## [Task objective]
Exactly as written, give back every record below.

BEGIN Exercise data

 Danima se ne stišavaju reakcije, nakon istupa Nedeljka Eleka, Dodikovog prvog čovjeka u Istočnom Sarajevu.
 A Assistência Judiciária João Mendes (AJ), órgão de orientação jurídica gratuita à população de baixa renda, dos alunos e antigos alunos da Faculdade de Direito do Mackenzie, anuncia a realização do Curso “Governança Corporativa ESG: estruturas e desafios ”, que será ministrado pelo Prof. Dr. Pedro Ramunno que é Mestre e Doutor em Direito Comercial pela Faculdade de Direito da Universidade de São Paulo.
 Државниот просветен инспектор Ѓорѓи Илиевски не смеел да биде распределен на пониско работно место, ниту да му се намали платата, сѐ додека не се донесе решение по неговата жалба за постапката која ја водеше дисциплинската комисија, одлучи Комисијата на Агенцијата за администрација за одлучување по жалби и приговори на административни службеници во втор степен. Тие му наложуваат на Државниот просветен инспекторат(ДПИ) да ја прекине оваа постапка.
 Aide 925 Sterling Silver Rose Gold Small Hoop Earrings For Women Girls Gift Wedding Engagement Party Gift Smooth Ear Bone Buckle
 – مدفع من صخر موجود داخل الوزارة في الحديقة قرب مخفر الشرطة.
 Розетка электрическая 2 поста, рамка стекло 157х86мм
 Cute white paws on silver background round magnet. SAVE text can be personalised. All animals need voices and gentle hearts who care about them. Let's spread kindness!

END Exercise data

## [Completed task]
 Danima se ne stišavaju reakcije, nakon istupa Nedeljka Eleka, Dodikovog prvog čovjeka u Istočnom Sarajevu.
 A Assistência Judiciária João Mendes (AJ), órgão de orientação jurídica gratuita à população de baixa renda, dos alunos e antigos alunos da Faculdade de Direito do Mackenzie, anuncia a realização do Curso “Governança Corporativa ESG: estruturas e desafios ”, que será ministrado pelo Prof. Dr. Pedro Ramunno que é Mestre e Doutor em Direito Comercial pela Faculdade de Direito da Universidade de São Paulo.
 Државниот просветен инспектор Ѓорѓи Илиевски не смеел да биде распределен на пониско работно место, ниту да му се намали платата, сѐ додека не се донесе решение по неговата жалба за постапката која ја водеше дисциплинската комисија, одлучи Комисијата на Агенцијата за администрација за одлучување по жалби и приговори на административни службеници во втор степен. Тие му наложуваат на Државниот просветен инспекторат(ДПИ) да ја прекине оваа постапка.
 Aide 925 Sterling Silver Rose Gold Small Hoop Earrings For Women Girls Gift Wedding Engagement Party Gift Smooth Ear Bone Buckle
 – مدفع من صخر موجود داخل الوزارة في الحديقة قرب مخفر الشرطة.
 Розетка электрическая 2 поста, рамка стекло 157х86мм
 Cute white paws on silver background round magnet. SAVE text can be personalised. All animals need voices and gentle hearts who care about them. Let's spread kindness!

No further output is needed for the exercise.